I ran back downstairs, my face drenched in tears. My boyfriend had heard the entire conversation and without a word, he welcomed me into his arms as I cried. Together we left my house, and I was comforted by the combination of his warmth and the sun. With both arms wrapped around me, we found a bench as he promised to me that everything would be alright.

I returned home later that evening recomposed, but was welcomed with more accusations. She continuously asked me if I was ready to come clean and tell her what I was trying to buy, but I was still clueless and desperately tried to tell her I didn't know.

She had purchased a drug test, and I was eager to take it. She asked me if I wanted to see it and told me it had come out negative. I had proven to her that I was clean, but the accusations continued.

"I want to know what you were trying to buy."

I promised her I didn't know, but I only received more questioning. Broken down once again, I entered my room and quietly shut the door. A few moments later, she followed me in and continued with her questioning. No matter what my response was, I was deemed a liar and a drug addict, although she had physical proof otherwise.

She forced me awake half the night, still trying to get an answer out of me. My heart was burning more than ever and I had no idea what to do to get her to stop. I missed the period of my life in which she paid no attention to me whatsoever, and I desperately wished I could reclaim it.

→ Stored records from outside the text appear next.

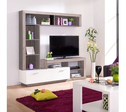 Meuble Tv Glen Blanc Et Imitation Bois Gris Meuble Tv But
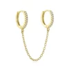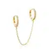 Habillez votre oreille avec ces magnifiques Creoles Doubles Zirconium Chaine Argent Plaqué Or ! Composées de deux anneaux de 12mm de diamètre sertis de zirconium blanc et reliés par une fine chainette en plaqué or gold filled.
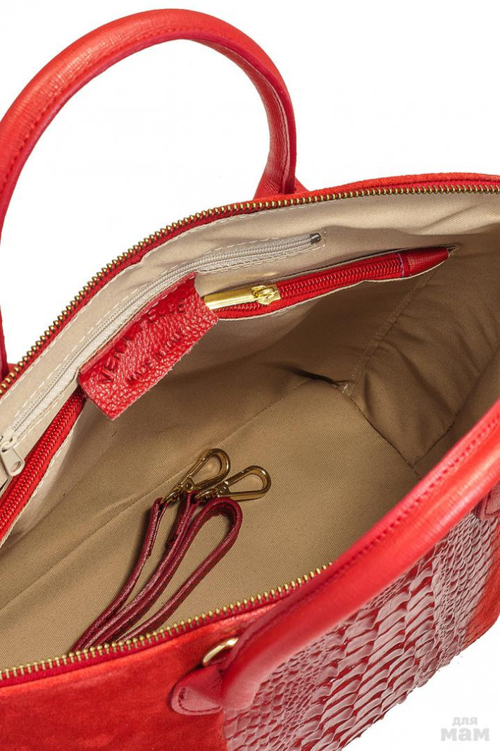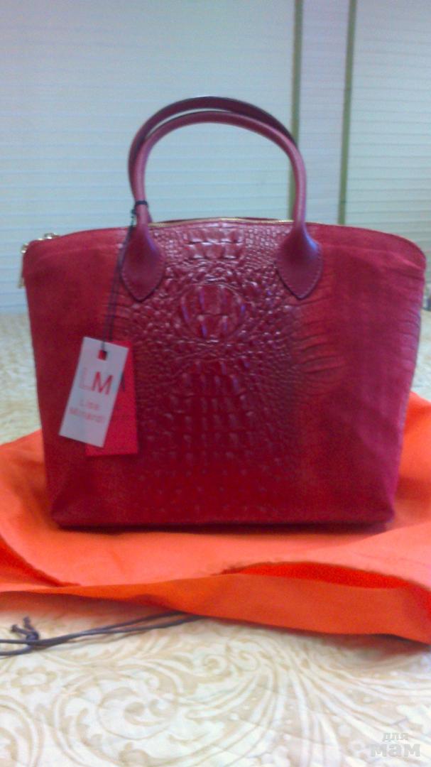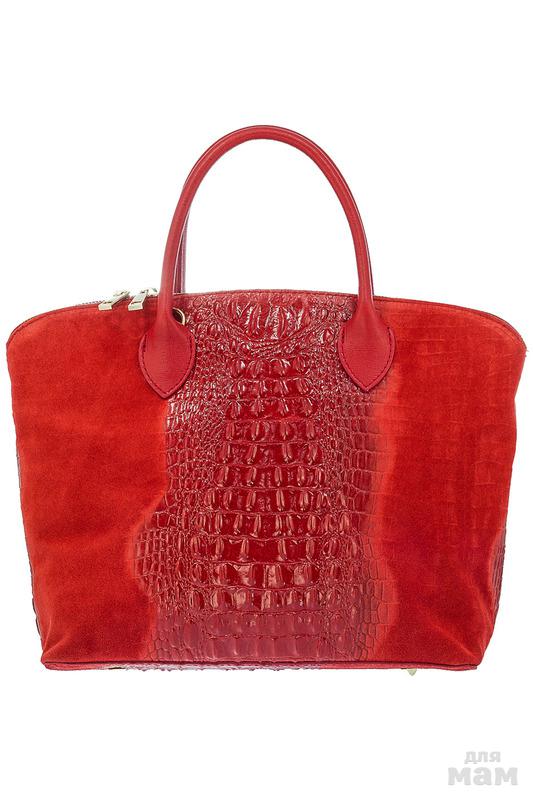 Вместительная сумка с двумя ручками и съемным плечевым ремнем. Внутри два отделения, карман на молнии, отделение для телефона. Параметры изделия: 34см x 14см x 28см. Цвет правильно передан на рекламных фото.
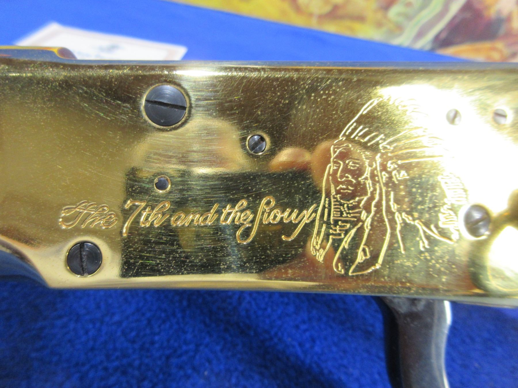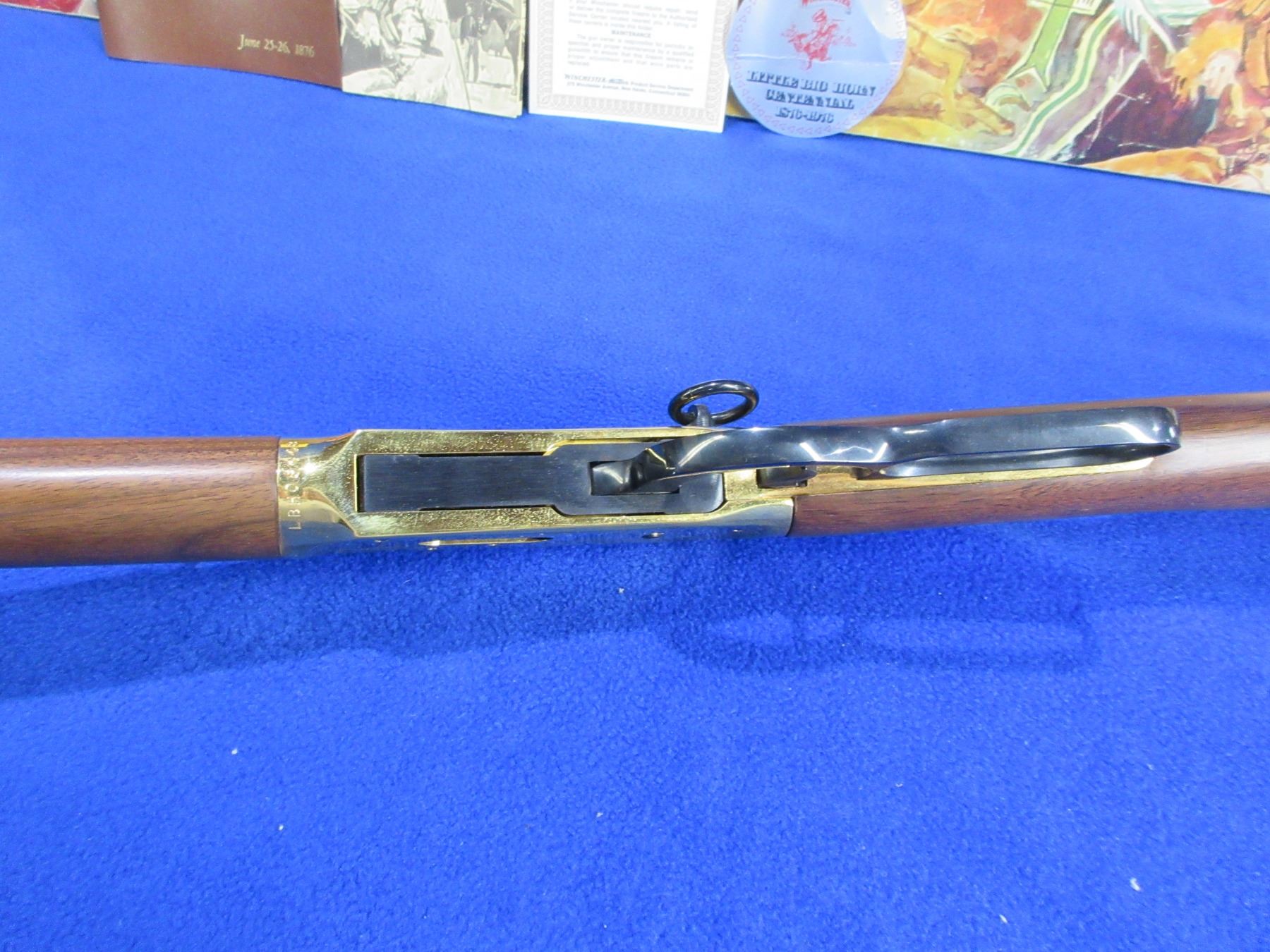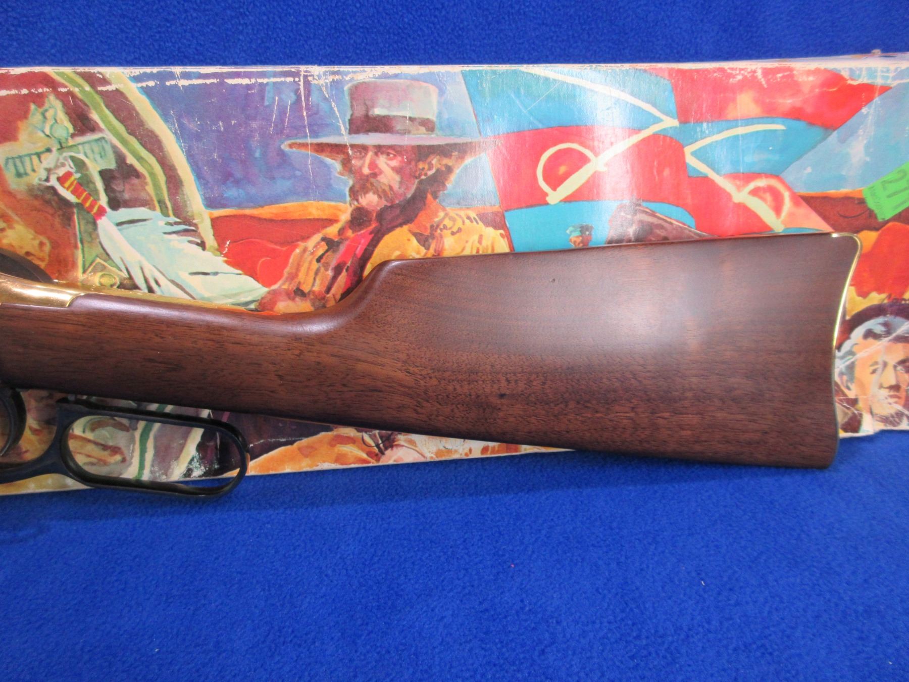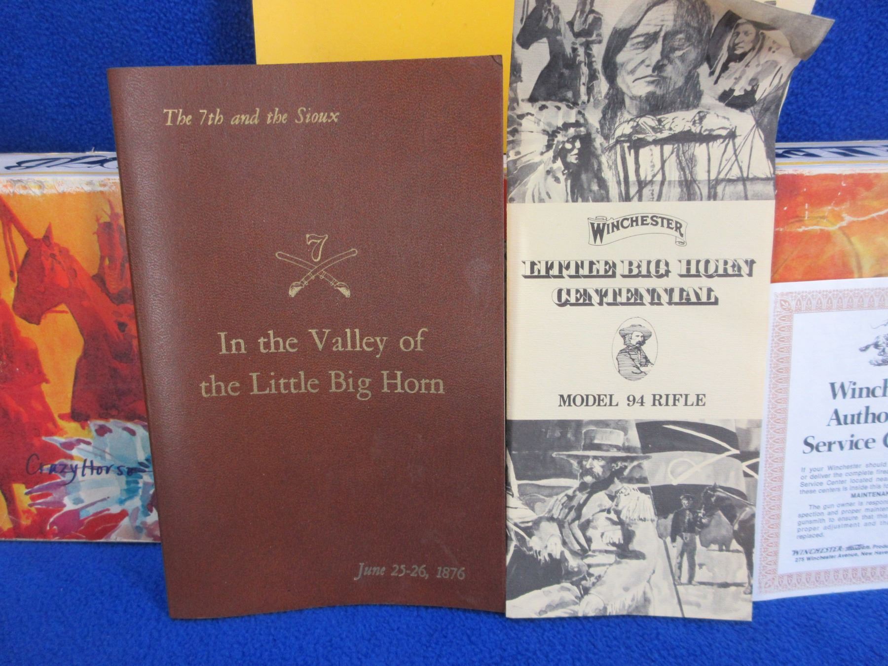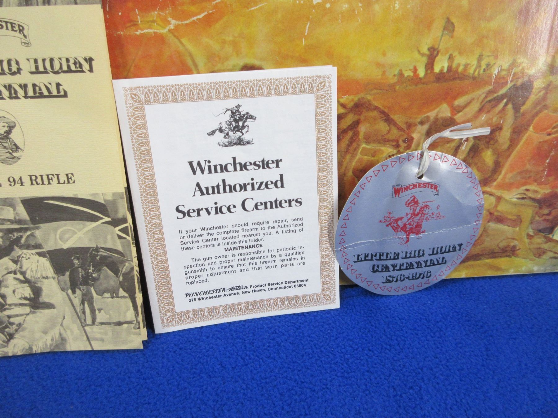 Non-Restricted - Winchester Model 94 Saddle Ring Carbine Little Big Horn Centennial in 44-40 Win - A beautiful little gun! This is a Never Fired lever action rifle with tube magazine, engraved gold plated action appears to be in very good working order. Barrel is 20", rifling is very good, bluing is good, has both sights, stock and forearm are good to very good with handling marks but stock has a small chip at the top, gold plated butt plate and gold plated furniture good, comes with original box (sleeve has damage), book - "In The Valley of The Little Big Horn", papers, full box of 44-40 Win. Little Big Horn Centennial ammo (Ammo and Rifle has to be Picked Up or Shipped Separately: Ammo by UPS Only, Rifle by Canada Post). Ser #LBH06448

My father, who lives in California, sent me $100 through the mail because I wasn't getting any from my mother. She informed me of this at 1:30 am, and then viciously stated that I wasn't getting it until she found out what I was trying to buy. Hearing this, I sunk down to an all new low. I wanted to buy my best friend a birthday present, and tried explaining this to her, but she refused to hear it.

Eventually, she left my room, informing me I was grounded for insubordination. I sobbed into my pillow until I fell asleep.

A day later, I am still being accused of an uncommited crime.


At exactly 12:00 am, I stare out my window and see a star shooting through the sky. I normally am not supersticious, but out of desperation, I close my eyes and easily make a wish.

Summer, please smile down on me once again.